All in the end to be taken with a grain of salt of course, as the planning component of operations eliminates most statistical properties :)

``` operations = np.random.randint(0, 365, 980000) pd.Series(operations).value_counts().sort_values() / 980000 ```

``` x = np.random.poisson(.0089, 1000000) x = (pd.Series(x).cumsum() / 24).round() x.groupby(x).count().iloc[:365].sort_values() / 980000 ```

They included fixed effects for hospitals and surgeons: "To test whether our findings were affected by including both hospital and surgeon fixed effects in the same regression models." [1]

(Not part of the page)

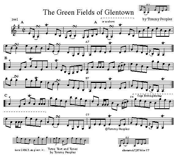 The composer's original setting and its history is given in Tutor Text and Tunes - a book published in In Ireland during 2015. It is available direct from its author, Tommy Peoples.Above is very close to Tommy's setting (albeit with the addition of a few Cape Bretonisms /ornaments etc). Introduced to many Cape Bretoners through the playing of Arthur Muise who had learned it from Robert Stubbert. Robert got it from one of Tommy's mid '70s recordings.

Perhaps the link could be changed to the paper itself?

[1] https://www.bmj.com/content/371/bmj.m4381

>Perhaps the link could be changed to the paper itself?

Especially since OP's link won't load.

They controlled for surgeon effects though, so I suspect the result would be similar.

https://www.bmj.com/content/bmj/371/bmj.m4381.full.pdf

If they didn’t change the schedule at all, 100/365 percent of all surgeries would be on the surgeons birthday. Which is 0.27%.

Put another way, assuming a flat distribution, on any given day 980876/365 = 2687 surgeries happen. While apparently on their birthday it’s 2064.

Saying ‘only a fraction of the surgeons performed operation on their holidays’ is a strong exaggeration. It’s about 75% of surgeons.

No just "interesting" be essential - without it this is junk science.
Yeah I mostly agree, was trying to be polite.
They included a surgeon control variable in their model.

https://www.bmj.com/content/bmj/371/bmj.m4381.full.pdf

Yes, they say they did all this (and much more) in secondary analyses. I'm curious how does one find the eTables supplementary information ?

Edit: nevermind, found it: https://www.bmj.com/content/bmj/suppl/2020/12/09/bmj.m4381.D...

Edit 2: it looks like solid, peer-reviewed research

Ah, couldn't access the page so had assumed parent was correct reporting that they hadn't done this control. Sorry for getting that wrong - won't trust similar posts in the future.